Sex-Informed Neuroanatomy of Autism: Evaluating the Quantitative and Qualitative Models of Sex-Moderation in Cortical Anatomy Using Data from the Pond Network

Background:

We proposed two testable models on sex-moderation that underlie the ‘female-protective-effect’ mechanisms contributing to autism etiologies, as a key first step to clarify the sex-differential liability related to the brain. The ‘quantitative sex-moderating model’ (QUAN-model) posits that mechanisms leading to autism are comparable but differ quantitatively across sexes, that females require more brain changes to develop autism.
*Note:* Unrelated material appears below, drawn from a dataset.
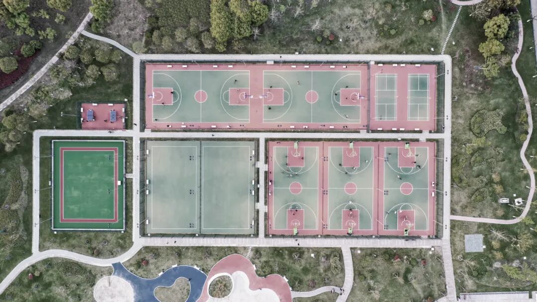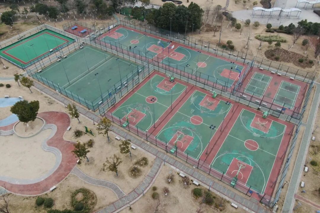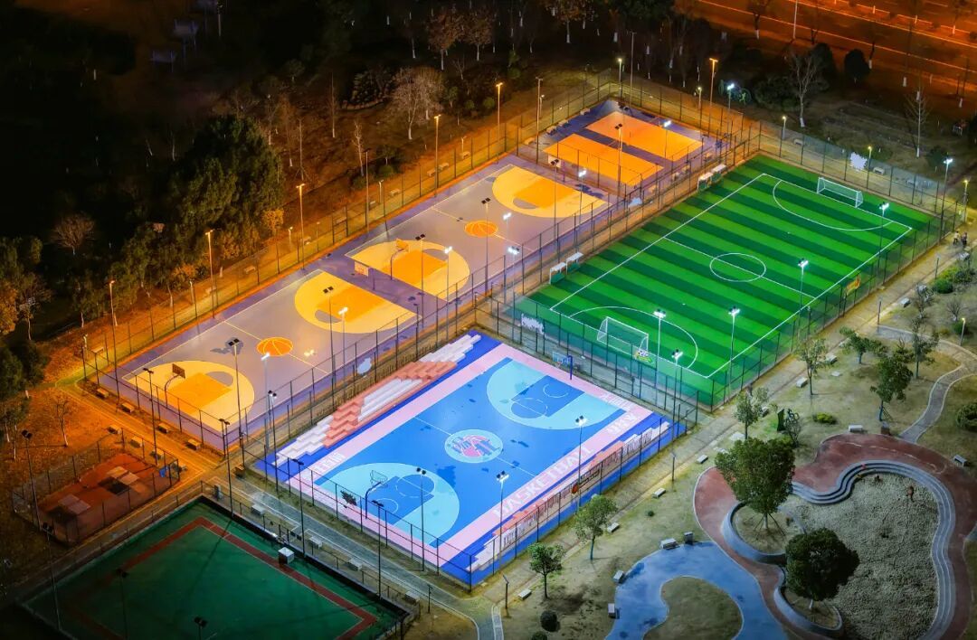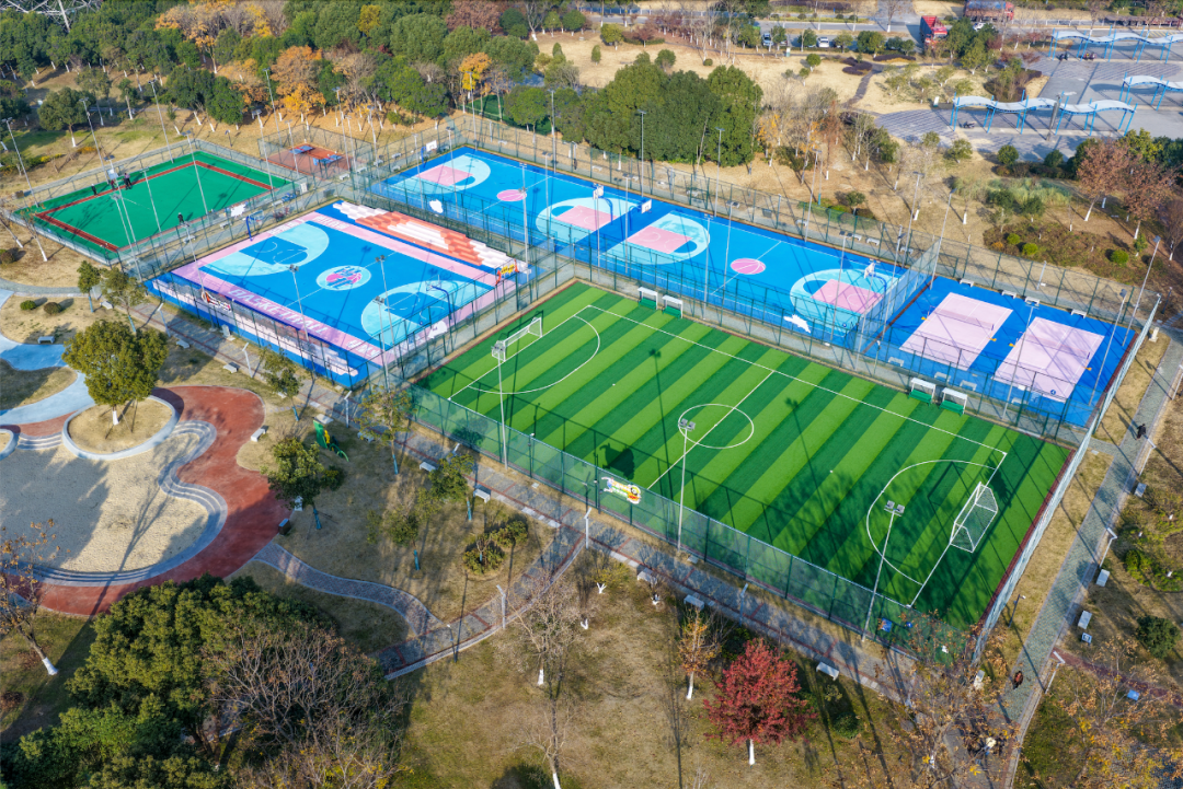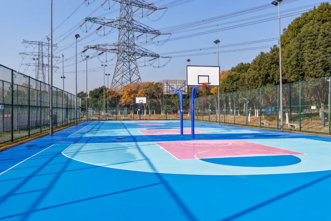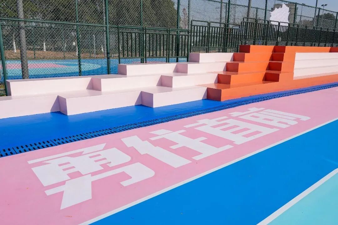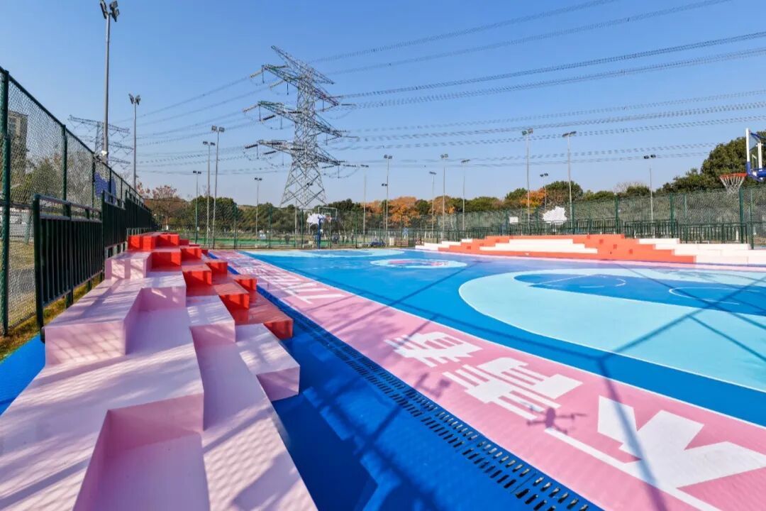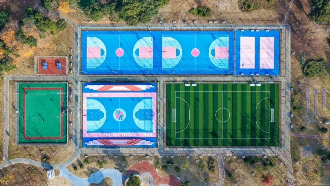 学习杭州亚运会场馆和无锡马拉松赛道配色经历,本次改造立异选用蓝色与粉色的磕碰色系,运用于篮球、茸毛球场所上,兼具运动生机与艺术美感,球场所上选用保护成本低、颜色丰厚的耐磨硅PU,构成激烈视觉记忆点,不只强化了运动活动场所的辨识度,也成为宣扬锡北镇形象的明显颜色手刺。

The ‘qualitative sex-moderating model’ (QUAL-model) posits that mechanisms leading to autism operate through different neurobiological/brain changes across sexes.

Objectives:

Testing the QUAN-model and QUAL-model against a null-model of no sex-moderation:
(1) The QUAN-model predicts that across the brain, autism-related changes in females involve similar regions but with larger effect sizes, and/or involve overlapping and additional regions, than those in males.
(2) The QUAL-model predicts that across the brain, autism-related brain changes differ by sex, involving different brain regions and/or with different patterns of changes.

Methods:

Sample includes 729 participants scanned at the Hospital for Sick Children, Toronto and via the Province of Ontario Neurodevelopmental Disorders (POND) network, using the same scanner: 249 autistic males (age mean=13.3 years, FIQ mean=96.9), 60 autistic females (age mean=14.2, FIQ mean=95.7), 210 neurotypical males (age mean=14.0, FIQ mean=112.7), 210 neurotypical females (age mean=14.2, FIQ mean=113.0). T1-weighted scans were processed with CIVET 2.1. Cortical thickness, area, volume and curvature were estimated across 75,284 vertices. To account for heterogeneity of covariates, data were pre-processed with nonparametric matching – neurotypical controls were matched to autism subjects with full-matching by weighted Euclidean matching for age and whole brain volume (weights 1 and 0.5 respectively), but IQ was not used in matching due to high co-occurrence between autism and intellectual disability (ID). For each metric, a whole-cortex-based model selection determined the best model by Akaike’s Information Criterion.
Testing QUAN-model vs. null by Sign-Concordance: By setting ‘sex’ as male=0 and female=1, autism-effect in males is given as β_diagnosis and autism-effect in females β_diagnosis+β_{sex*diagnosis}. The QUAN-model predicts that autism-effect is stronger in females than in males, therefore β_diagnosis and β_{sex*diagnosis} have the same sign (sign-concordance). This was tested against a randomization distribution of test-statistics from the model with sex-labels permuted.
Testing QUAL-model vs. null by Spatial-Correlation: Evidence for the QUAL-model will be if, across vertices, there is less spatial correlation between autism-effects in females vs. males than by chance. This was tested with the same permutation approach.

Results:

Model selection: Thickness, area, volume and smoothed absolute mean curvature were best modeled without sex-covariate interaction terms. Thickness and volume were best modelled by brain volume cubed and a quadratic age term; Area and thickness were best modelled by linear age, and brain volume to the 2/3 power.
QUAN-model: Increased sign-concordance was observed for smoothed absolute mean curvature (but not other metrics) at effect thresholds greater than 50% of maximum observed effect, supporting the QUAN-model; this result was insensitive to whether IQ was included as a covariate.
QUAL-model: All measures were within randomization intervals providing no evidence for the QUAL-model.

Conclusions:

These results suggest possible quantitative sex-moderation of cortical curvature in autism. How sex-moderation is associated with autism-ID co-occurrence requires further investigation.